Bioinformatic processing was conducted programmatically using REVAMP [81]. Briefly, adapters and amplicon primers were trimmed from the sequence reads using the program Cutadapt (v 3.7 [82]), without length trimming, and with each sequence pair requiring a match to either the forward or reverse primer (respectively). Adapter-trimmed sequence reads were then quality-filtered with DADA2 (v 1.18.0 [83]), using a minimum length of 100 bp, PhiX removal, limited quality truncation (trunQ = 2), and maxEE(5) settings. High quality reads were then run through the DADA2 pipeline to evaluate errors, dereplicate reads, merge read pairs (with a minimum overlap of 20 bp), check for chimeras, and create Amplicon Sequence Variant (ASV) files for ASVs having two or more reads.

To identify the taxon for each ASV, BLASTn [84] was queried against the NCBI (National Center for Biotechnology Information) nucleotide (nt) database [85] (downloaded 12 November 2021), whose output displayed the best “hit” (i.e., sequence match) for up to 4000 target sequences, to circumvent individual taxa that had large numbers of sequenced individuals from dominating the BLASTn results. A negative taxonomic identification (taxID) list excluded taxIDs for which the “scientific name” category included “uncultured”, “environmental samples”, “metagenome”, “unidentified”, or “unclassified” labels, including nodes downstream of those identified using the program Subtree [86]. The BLASTn data were then reformatted to exclude matches less than the designated length cutoffs (300 bp for LrCOI, 100 bp for Cop16S and Mol16S, 140 bp for MiFish, and 120 bp for FishCytb). Only taxIDs with the highest percent identity per ASV were included in taxonomic analyses.

All taxIDs from the BLASTn results were converted to a standard taxonomic hierarchy using Taxonkit [87], which was modified further to fill in gaps in the taxonomic hierarchy by assigning missing values from the next lower hierarchical level that was identified (e.g., an unlabeled family with a known genus would be classified as genus__f). A custom script then parsed all taxID hits for each ASV to determine its best (i.e., closest match) taxonomic assignment (https://github.com/McAllister-NOAA/asv_to_taxonomy, 12 November 2023). Thus, taxonomic choices were based on the deepest common hierarchy shared by all best BLAST hits per ASV, with the final taxonomic depth appropriate to the confidence of assignment based on the percent identity. These confidence rankings allowed hits ≥95% (for protein-encoding genes) and/or ≥97% (for rRNA genes) to be assigned to species level: 95/97% > x ≥ 92/95% to genus, 92/95% > x ≥ 87/90% to family, 87/90% > x ≥ 77/80% to order, 77/80% > x ≥ 67/70% to class, 67/70% > x ≥ 60% to phylum, and any hit <60% was assigned to “unknown.” Reference sequences that were assigned to more than one taxID were purged from the results, unless that reference sequence was the sole best hit for that ASV. Those decisions produced a file that linked each ASV to its taxonomic identity, which was then used for downstream assessment.
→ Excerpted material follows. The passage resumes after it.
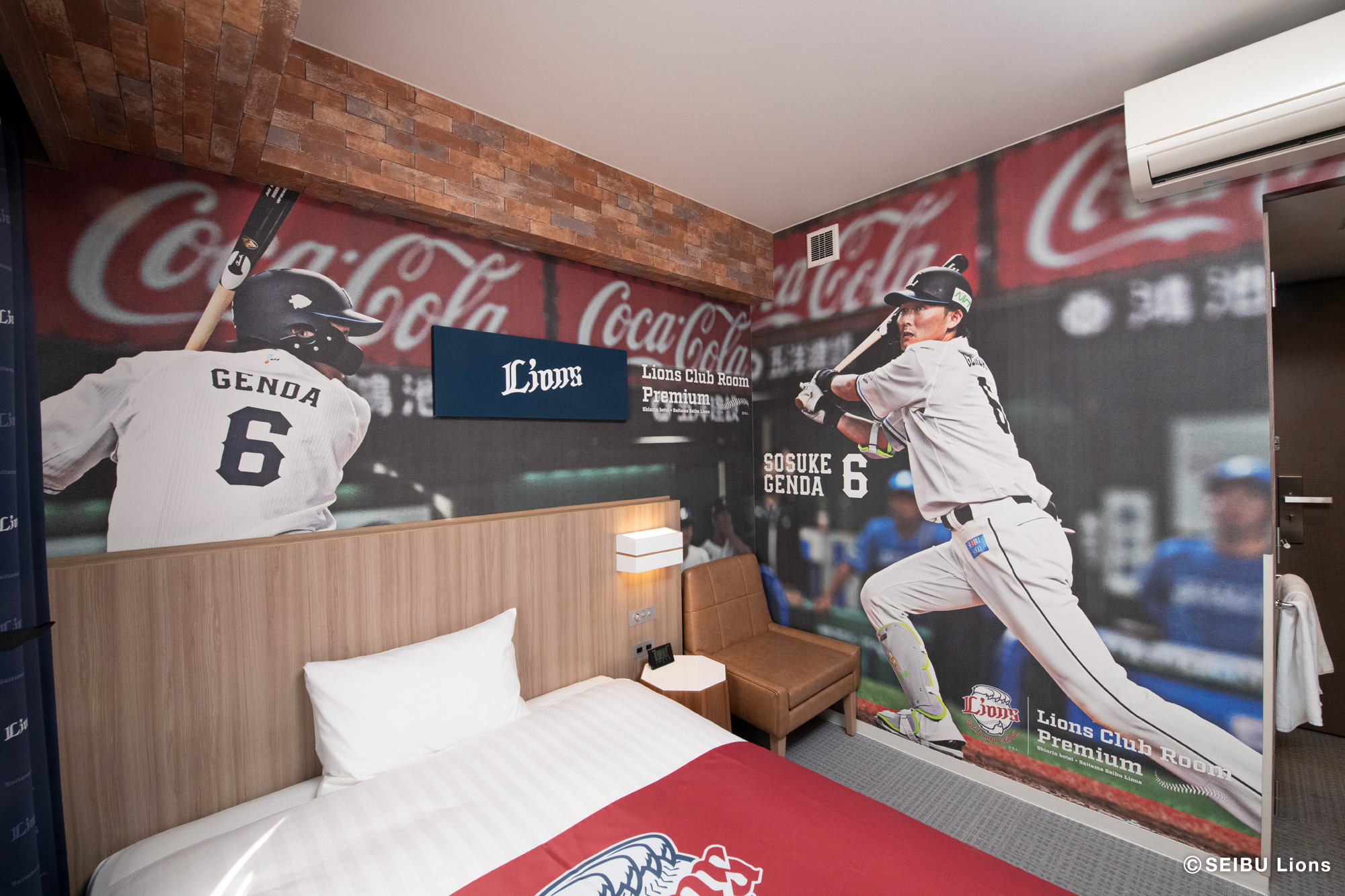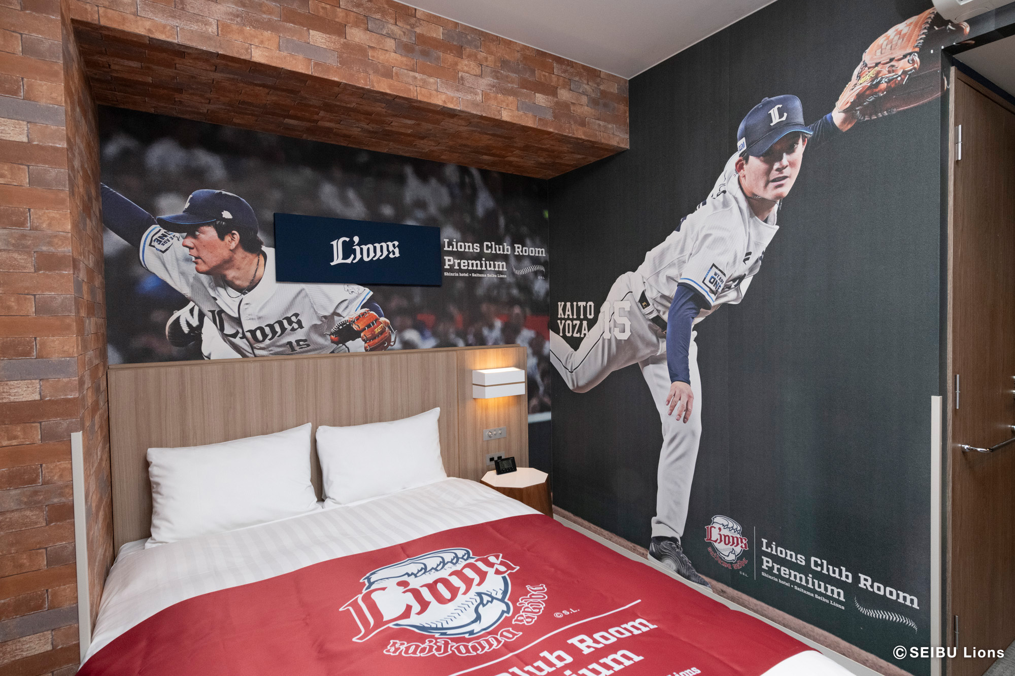 本コンセプトルームは、当館2Fに専用フロアを有し、「ライオンズクラブルーム・プレミアム」と称する6室には、各部屋ごとに埼玉西武ライオンズの選手が壁一面に印刷されています。さらに、オリジナルデザインのカーテンやベッドスローをはじめ、備品やアメニティにもこだわり、まさに埼玉西武ライオンズ一色に染まった、ファンにはたまらない特別な客室となっております。

Morphological taxonomic data were processed to evaluate concordance with the sequencing data from each marker. Taxonomic IDs were generated using the name2taxid function of Taxonkit [87]. Gaps in the taxonomic hierarchy were filled only when its morphological assignment corresponded to an intermediate taxonomic level (i.e., suborder, superclass), in which case the intermediate taxonomic identification was designated with an appropriate lower-level modifier (i.e., Subclass__f equated to a family classification for the family within that known subclass).

2.4. Statistical Analyses

Relative abundances of species/taxa according to their respective morphological proportions and biomasses, or for sequence read counts, were classified as being either rare (<1%), low (1–3%), moderate (4–10%), or high (>10%) in relative representation. Summary figures showing respective sequence read counts using the interactive taxonomic hierarchy are illustrated with Krona plots [88] in Supplementary Figure S1 (at https://figshare.com/articles/figure/Supplemental_Figure_1/21791738/1). Bar plots depicting respective relative abundances, in which taxa having <5% relative abundances were grouped as “Other”, were constructed using the plot bar function of Phyloseq in R [89]. Multidimensional statistical analyses were conducted for each marker and morphology data based on the relative proportional data (relative abundance, proportional density, proportional biomass) using the nonmetric-multidimensional scaling (NMDS) ordination function in Phyloseq [90], which is a method that is relatively free of assumptions, facilitating visualization of relationships among data sets [90]. Marker and morphology data comparisons were made by first merging identical taxonomic assignments across all comparison datasets. Venn diagrams were created in R [91].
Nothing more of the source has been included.